= Task goal =
In the records below, the lines between the one holding "An exquisite mango" and the one holding "Bộ bóng đèn", inclusive, are to be transcribed exactly; no pictures are to be included.

= Data provided =
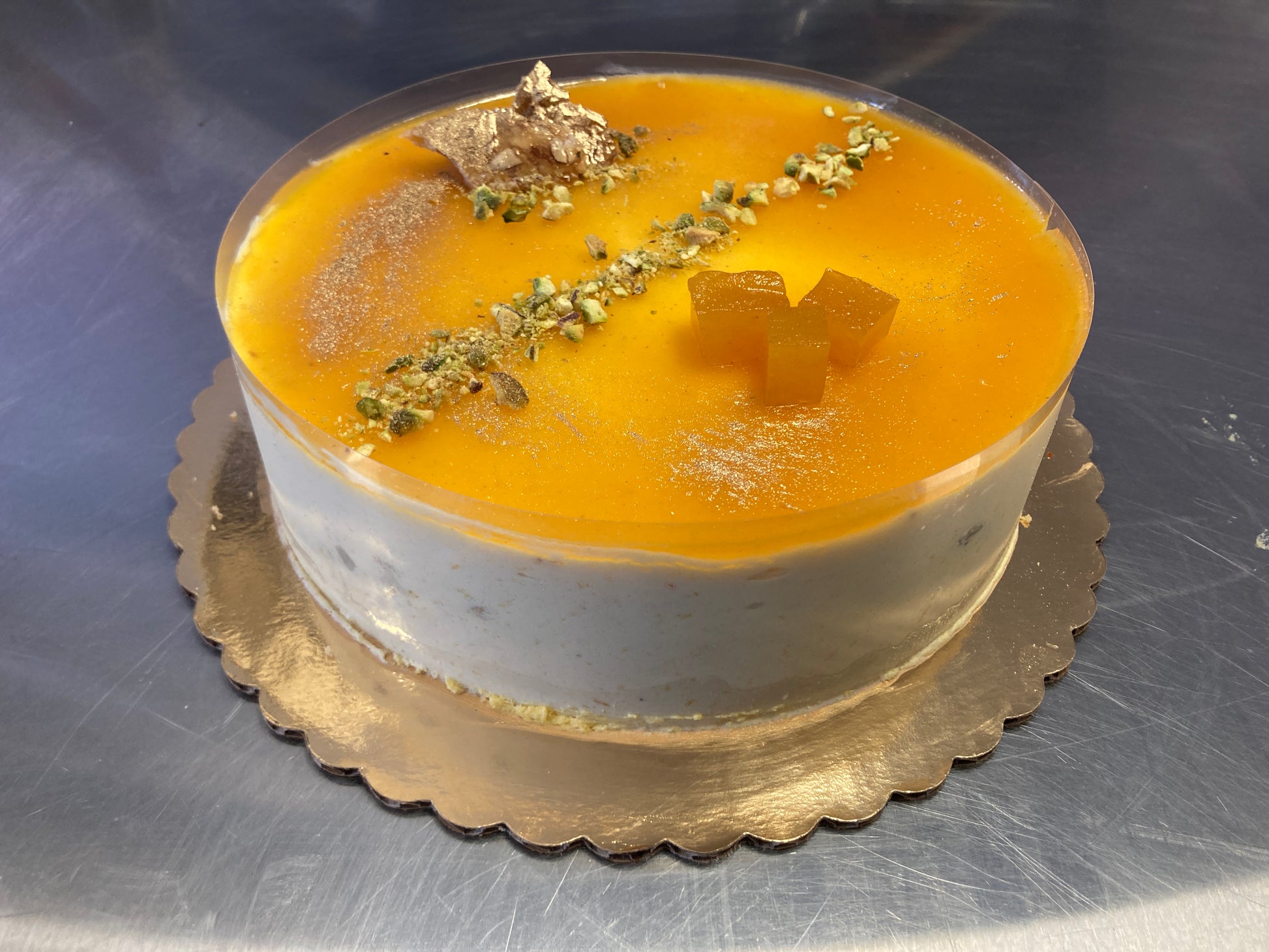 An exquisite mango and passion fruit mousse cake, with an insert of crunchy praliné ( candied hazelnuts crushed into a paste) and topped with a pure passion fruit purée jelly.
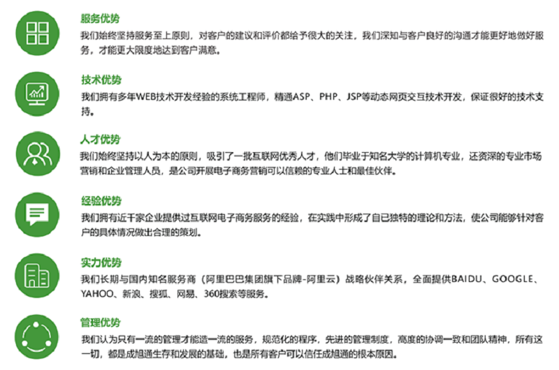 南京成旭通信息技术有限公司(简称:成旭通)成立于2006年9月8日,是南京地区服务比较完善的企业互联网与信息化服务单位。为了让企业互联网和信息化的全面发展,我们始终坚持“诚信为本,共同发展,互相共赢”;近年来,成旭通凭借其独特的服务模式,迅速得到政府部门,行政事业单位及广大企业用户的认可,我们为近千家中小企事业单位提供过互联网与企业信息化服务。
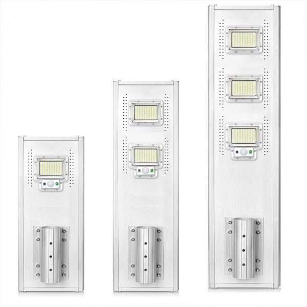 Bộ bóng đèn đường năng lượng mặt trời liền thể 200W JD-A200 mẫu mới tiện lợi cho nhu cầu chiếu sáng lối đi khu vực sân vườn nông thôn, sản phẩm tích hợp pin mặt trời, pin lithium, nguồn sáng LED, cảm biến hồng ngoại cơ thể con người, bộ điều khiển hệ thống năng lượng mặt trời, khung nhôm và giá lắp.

--

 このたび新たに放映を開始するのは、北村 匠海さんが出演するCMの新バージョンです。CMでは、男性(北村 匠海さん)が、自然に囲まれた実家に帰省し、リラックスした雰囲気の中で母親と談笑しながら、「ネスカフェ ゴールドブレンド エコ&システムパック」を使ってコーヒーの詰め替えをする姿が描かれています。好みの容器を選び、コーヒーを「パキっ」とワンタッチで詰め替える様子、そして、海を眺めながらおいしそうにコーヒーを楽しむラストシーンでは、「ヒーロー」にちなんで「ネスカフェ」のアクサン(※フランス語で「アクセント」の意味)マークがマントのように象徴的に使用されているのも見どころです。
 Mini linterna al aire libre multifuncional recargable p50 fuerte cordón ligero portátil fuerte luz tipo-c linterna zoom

= Written response =
 An exquisite mango and passion fruit mousse cake, with an insert of crunchy praliné ( candied hazelnuts crushed into a paste) and topped with a pure passion fruit purée jelly.
 南京成旭通信息技术有限公司(简称:成旭通)成立于2006年9月8日,是南京地区服务比较完善的企业互联网与信息化服务单位。为了让企业互联网和信息化的全面发展,我们始终坚持“诚信为本,共同发展,互相共赢”;近年来,成旭通凭借其独特的服务模式,迅速得到政府部门,行政事业单位及广大企业用户的认可,我们为近千家中小企事业单位提供过互联网与企业信息化服务。
 Bộ bóng đèn đường năng lượng mặt trời liền thể 200W JD-A200 mẫu mới tiện lợi cho nhu cầu chiếu sáng lối đi khu vực sân vườn nông thôn, sản phẩm tích hợp pin mặt trời, pin lithium, nguồn sáng LED, cảm biến hồng ngoại cơ thể con người, bộ điều khiển hệ thống năng lượng mặt trời, khung nhôm và giá lắp.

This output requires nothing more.